**DESCRIPTION OF THE TASK**. The response should consist of every line below, restated exactly, with no pictures.

──────────────────────────────

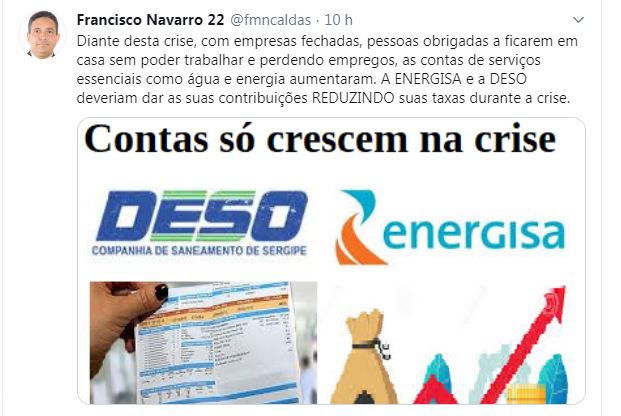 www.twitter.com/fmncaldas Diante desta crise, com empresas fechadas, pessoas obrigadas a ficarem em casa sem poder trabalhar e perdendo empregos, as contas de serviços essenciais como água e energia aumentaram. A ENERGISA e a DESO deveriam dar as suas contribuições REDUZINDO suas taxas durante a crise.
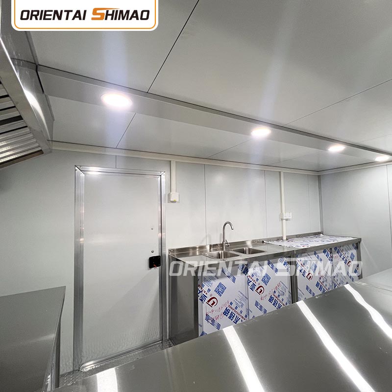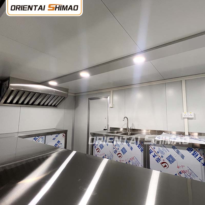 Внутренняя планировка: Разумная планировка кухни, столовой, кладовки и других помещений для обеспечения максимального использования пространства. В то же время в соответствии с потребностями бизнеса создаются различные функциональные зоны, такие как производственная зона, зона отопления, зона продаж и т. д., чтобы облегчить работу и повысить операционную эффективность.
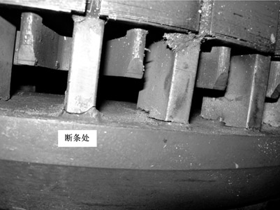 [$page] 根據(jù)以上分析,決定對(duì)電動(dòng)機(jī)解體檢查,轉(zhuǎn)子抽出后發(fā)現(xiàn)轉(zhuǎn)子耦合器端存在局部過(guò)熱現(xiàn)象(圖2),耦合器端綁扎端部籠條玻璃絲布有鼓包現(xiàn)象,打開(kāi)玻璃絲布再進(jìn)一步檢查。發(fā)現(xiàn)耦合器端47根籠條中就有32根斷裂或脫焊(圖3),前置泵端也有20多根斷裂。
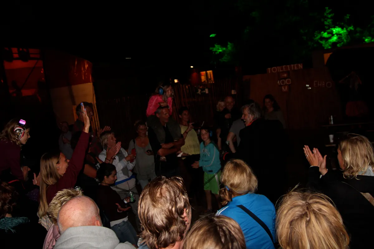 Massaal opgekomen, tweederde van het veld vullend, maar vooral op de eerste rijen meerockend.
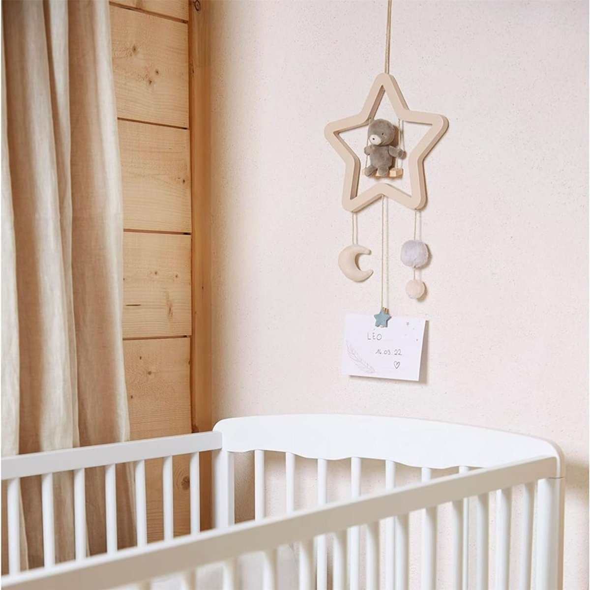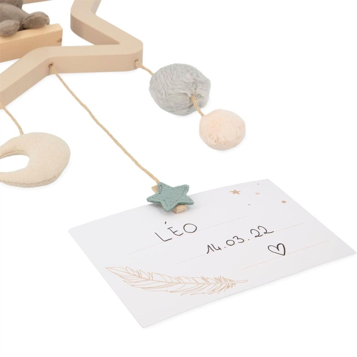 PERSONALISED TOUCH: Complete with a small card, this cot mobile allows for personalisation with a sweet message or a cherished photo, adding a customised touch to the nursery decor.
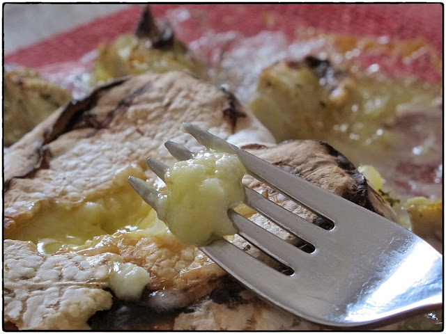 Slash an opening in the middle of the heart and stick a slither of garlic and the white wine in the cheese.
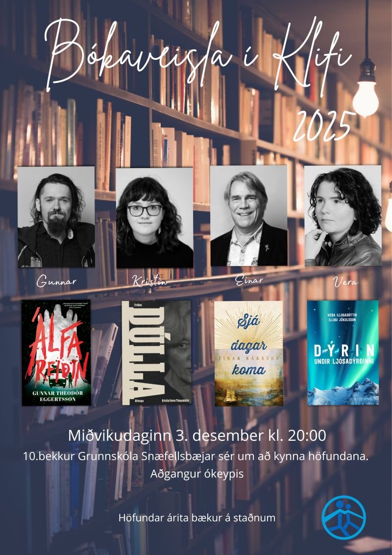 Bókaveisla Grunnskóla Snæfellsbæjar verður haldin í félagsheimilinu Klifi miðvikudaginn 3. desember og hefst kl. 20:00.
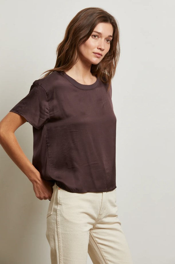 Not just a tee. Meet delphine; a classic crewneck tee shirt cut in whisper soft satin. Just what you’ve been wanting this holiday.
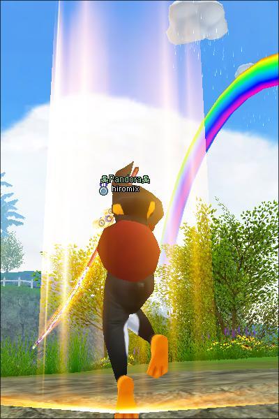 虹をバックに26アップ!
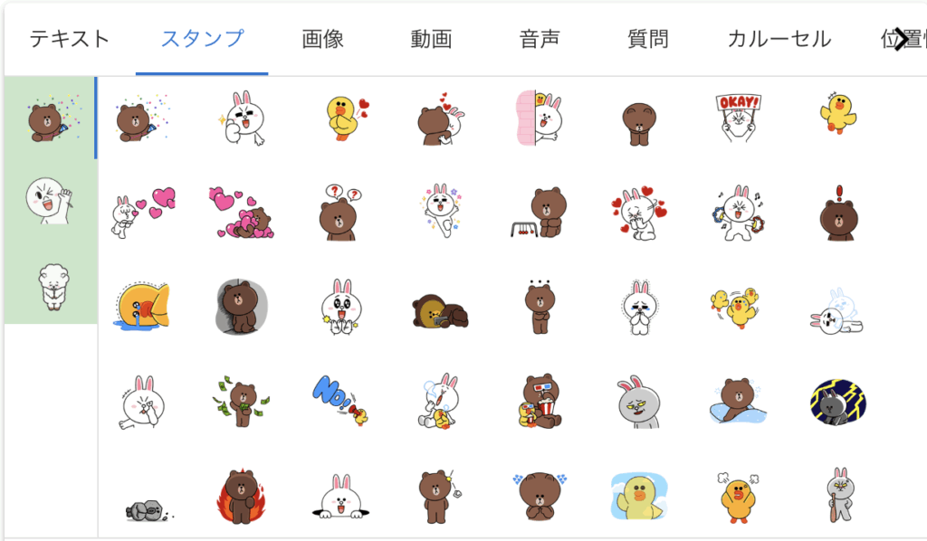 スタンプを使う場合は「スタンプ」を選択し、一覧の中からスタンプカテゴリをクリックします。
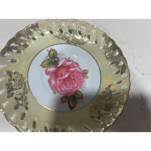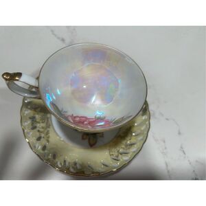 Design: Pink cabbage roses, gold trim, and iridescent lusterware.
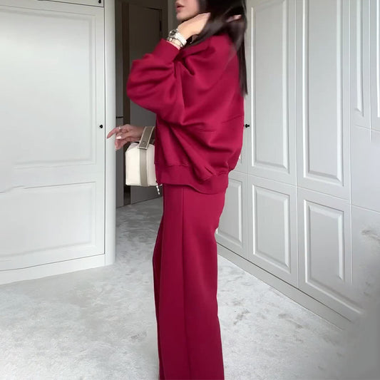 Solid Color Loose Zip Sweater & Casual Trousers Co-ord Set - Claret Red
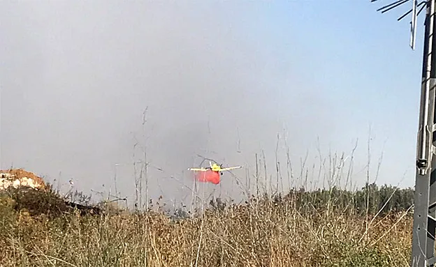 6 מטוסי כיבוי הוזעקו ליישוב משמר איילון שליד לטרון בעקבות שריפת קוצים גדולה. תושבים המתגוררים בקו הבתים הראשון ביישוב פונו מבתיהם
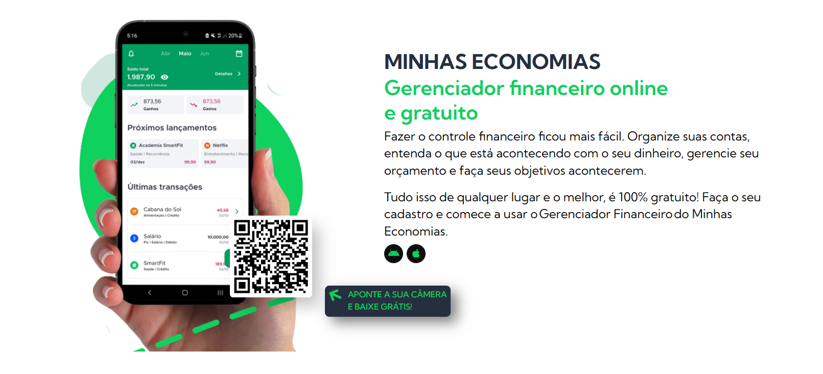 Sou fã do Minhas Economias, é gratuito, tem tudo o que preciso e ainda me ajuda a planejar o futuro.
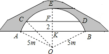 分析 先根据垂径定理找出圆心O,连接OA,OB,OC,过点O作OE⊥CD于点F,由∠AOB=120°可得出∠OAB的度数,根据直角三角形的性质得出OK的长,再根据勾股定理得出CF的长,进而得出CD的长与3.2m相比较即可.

──────────────────────────────

**ANSWER AREA**.
 www.twitter.com/fmncaldas Diante desta crise, com empresas fechadas, pessoas obrigadas a ficarem em casa sem poder trabalhar e perdendo empregos, as contas de serviços essenciais como água e energia aumentaram. A ENERGISA e a DESO deveriam dar as suas contribuições REDUZINDO suas taxas durante a crise.
 Внутренняя планировка: Разумная планировка кухни, столовой, кладовки и других помещений для обеспечения максимального использования пространства. В то же время в соответствии с потребностями бизнеса создаются различные функциональные зоны, такие как производственная зона, зона отопления, зона продаж и т. д., чтобы облегчить работу и повысить операционную эффективность.
 [$page] 根據(jù)以上分析,決定對(duì)電動(dòng)機(jī)解體檢查,轉(zhuǎn)子抽出后發(fā)現(xiàn)轉(zhuǎn)子耦合器端存在局部過(guò)熱現(xiàn)象(圖2),耦合器端綁扎端部籠條玻璃絲布有鼓包現(xiàn)象,打開(kāi)玻璃絲布再進(jìn)一步檢查。發(fā)現(xiàn)耦合器端47根籠條中就有32根斷裂或脫焊(圖3),前置泵端也有20多根斷裂。
 Massaal opgekomen, tweederde van het veld vullend, maar vooral op de eerste rijen meerockend.
 PERSONALISED TOUCH: Complete with a small card, this cot mobile allows for personalisation with a sweet message or a cherished photo, adding a customised touch to the nursery decor.
 Slash an opening in the middle of the heart and stick a slither of garlic and the white wine in the cheese.
 Bókaveisla Grunnskóla Snæfellsbæjar verður haldin í félagsheimilinu Klifi miðvikudaginn 3. desember og hefst kl. 20:00.
 Not just a tee. Meet delphine; a classic crewneck tee shirt cut in whisper soft satin. Just what you’ve been wanting this holiday.
 虹をバックに26アップ!
 スタンプを使う場合は「スタンプ」を選択し、一覧の中からスタンプカテゴリをクリックします。
 Design: Pink cabbage roses, gold trim, and iridescent lusterware.
 Solid Color Loose Zip Sweater & Casual Trousers Co-ord Set - Claret Red
 6 מטוסי כיבוי הוזעקו ליישוב משמר איילון שליד לטרון בעקבות שריפת קוצים גדולה. תושבים המתגוררים בקו הבתים הראשון ביישוב פונו מבתיהם
 Sou fã do Minhas Economias, é gratuito, tem tudo o que preciso e ainda me ajuda a planejar o futuro.
 分析 先根据垂径定理找出圆心O,连接OA,OB,OC,过点O作OE⊥CD于点F,由∠AOB=120°可得出∠OAB的度数,根据直角三角形的性质得出OK的长,再根据勾股定理得出CF的长,进而得出CD的长与3.2m相比较即可.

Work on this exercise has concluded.